Dans le même temps, nous avons mis en place des mesures de régulation. Ce texte est un bon compromis, car les mesures d’effarouchement et de prélèvement qui ont été mises en place depuis quelques années ont prouvé leur efficacité. Elles ont permis de diminuer non pas le nombre d’attaques, mais le nombre de bêtes victimes par troupeau. Grâce aux mesures de protection et notamment aux chiens patous, on ne voit plus de troupeaux de quatre-vingts bêtes dérocher à la suite d’une attaque de loup.

Toutefois, d’autres problèmes se posent. Les patous sont présents toute l’année dans les villages, et pas forcément dans les bergeries l’hiver. Nous devons mettre en place une régulation les concernant, en y associant nos agriculteurs.

Le fond du problème réside dans le nombre de loups. Moins il y en aura, moins il y aura de risques. Si, comme on le disait voilà quelques années, l’espèce est viable en France au-delà du seuil de 500 individus, alors maintenons ces 500 bêtes et freinons le développement de l’espèce.

La régulation est très importante ; donnons-nous les moyens de la mettre en œuvre.

M. le président. La parole est à M. Jean Bacci, pour explication de vote.

M. Jean Bacci. Je n’avais pas prévu d’intervenir, mais après tout ce que j’ai entendu, il me semble utile de remettre les choses à leur place.

Premièrement, on nous dit que le loup est revenu chez nous naturellement. Le loup des Abruzzes n’a pas traversé la Toscane et la Lombardie en cachette pour arriver dans le Mercantour ! Il y est arrivé en voiture, ou plutôt en camion.

Deuxièmement, on nous dit que le loup n’est pas dangereux. Il ne l’est pas pour l’homme, aujourd’hui, certes. Mais dans le temps, il l’a été.

Comme nous l’a expliqué Mme la ministre, lorsque le loup arrive sur un territoire, il se développe de façon exponentielle. Il commence par nettoyer complètement la petite faune sauvage ; c’est ce qu’il y a de plus facile. Ensuite, il se tourne vers les élevages. Les éleveurs n’ayant pas pris l’habitude de se protéger du loup, les troupeaux sont mal protégés.

Dès lors que la protection des troupeaux se renforce, le loup se retourne vers la faune sauvage.
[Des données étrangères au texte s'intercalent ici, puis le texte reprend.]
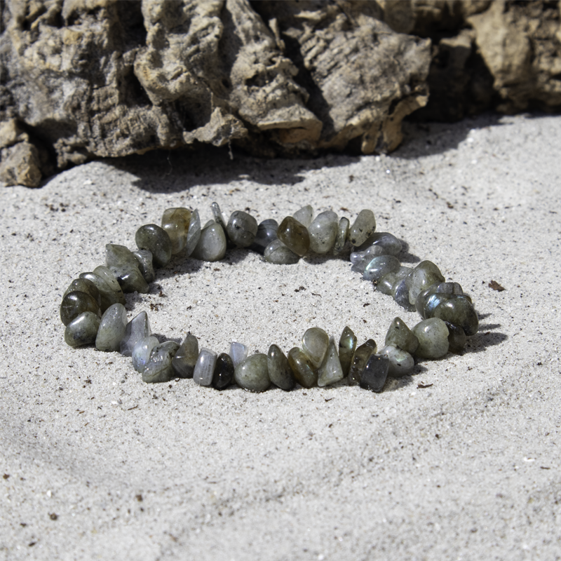 Smukt labradorit chip armbånd i onesize til voksne, der passer til enhver lejlighed. Armbåndet er sammensat med naturlige labradorit-stykker på elastisk tråd, hvilket gør armbåndet smidigt og behageligt at bære. Hver sten har sit unikke spil af farver og lys – kendt som labradorescens.

Monsieur Cabanel, vous disiez que votre territoire était infesté de sangliers. À partir du moment où le loup sera installé, vous verrez que vos populations de sangliers seront décimées.
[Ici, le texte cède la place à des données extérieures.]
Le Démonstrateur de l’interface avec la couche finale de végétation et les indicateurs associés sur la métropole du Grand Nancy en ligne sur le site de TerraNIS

Par la suite, les sangliers changeront d’attitude. Aujourd’hui, ils vivent dans les bois. Lorsque le loup sera installé, ils vivront dans les ronciers, près des habitations, et ils deviendront à leur tour dangereux. À l’époque, quand on rencontrait un sanglier, il fuyait. Désormais, les sangliers se regroupent et font face : ils ont compris qu’en se détachant de la compagnie, ils couraient un danger de mort.
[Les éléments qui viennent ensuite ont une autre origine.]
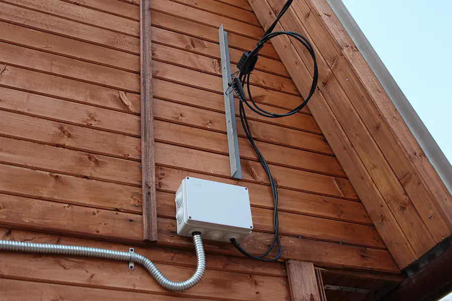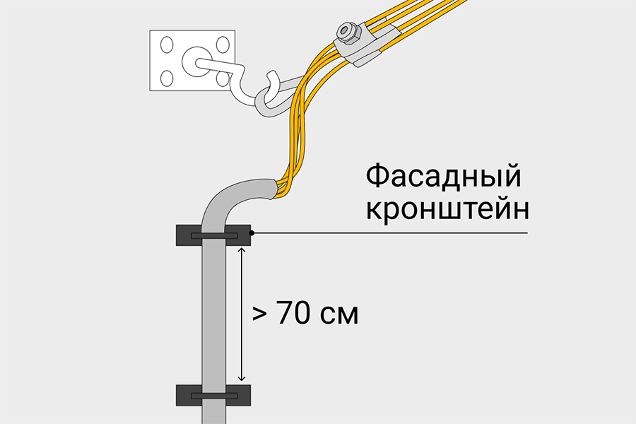 При необходимости с помощью фасадных креплений проложите провод по фасаду до ввода в дом или наружного распределительного щитка. Крепления устанавливайте с интервалом не больше 70 см.

Demain, quand il n’y aura plus de sangliers et que la protection des troupeaux aura été renforcée, les loups, dont les populations auront augmenté, chercheront toujours à se nourrir. C’est alors qu’ils deviendront dangereux pour l’homme. (Applaudissements sur des travées du groupe Les Républicains.)

M. le président. La parole est à Mme la présidente de la commission.

Mme Dominique Estrosi Sassone, présidente de la commission des affaires économiques. Je ne vous parlerai pas de mon territoire. Et pourtant, les Alpes-Maritimes ont été le premier département à subir la prédation du loup, dans les années 1990.

Malheureusement, cette antériorité nous a permis de constater le désarroi et la détresse que connaissent nos éleveurs, nos bergers, nos agriculteurs, mais aussi les élus locaux, qui sont directement confrontés à ces problèmes et doivent également gérer la question des conflits d’usage.

Je souscris, bien évidemment, à tout ce qu’ont dit un certain nombre de nos collègues. Un point, toutefois, n’a pas encore été évoqué : celui du coût de la gestion du loup pour les dépenses publiques. (M. le ministre délégué acquiesce.)

Mme Dominique Estrosi Sassone, présidente de la commission des affaires économiques. En 2025, quelque 42,8 millions d’euros d’argent public ont été investis pour accompagner les éleveurs face à la prédation du loup. Ce chiffre a doublé par rapport à 2016. Il s’agit tout de même d’un élément à prendre en considération.

Quand j’entends le président Gontard appeler à renforcer l’accompagnement des éleveurs et des bergers, je ne peux qu’y souscrire, mais cela représente aussi un coût pour les finances de notre pays, à un moment où la dette se creuse.

Mes chers collègues, ce n’est pas aussi anodin que ce que vous voulez bien dire.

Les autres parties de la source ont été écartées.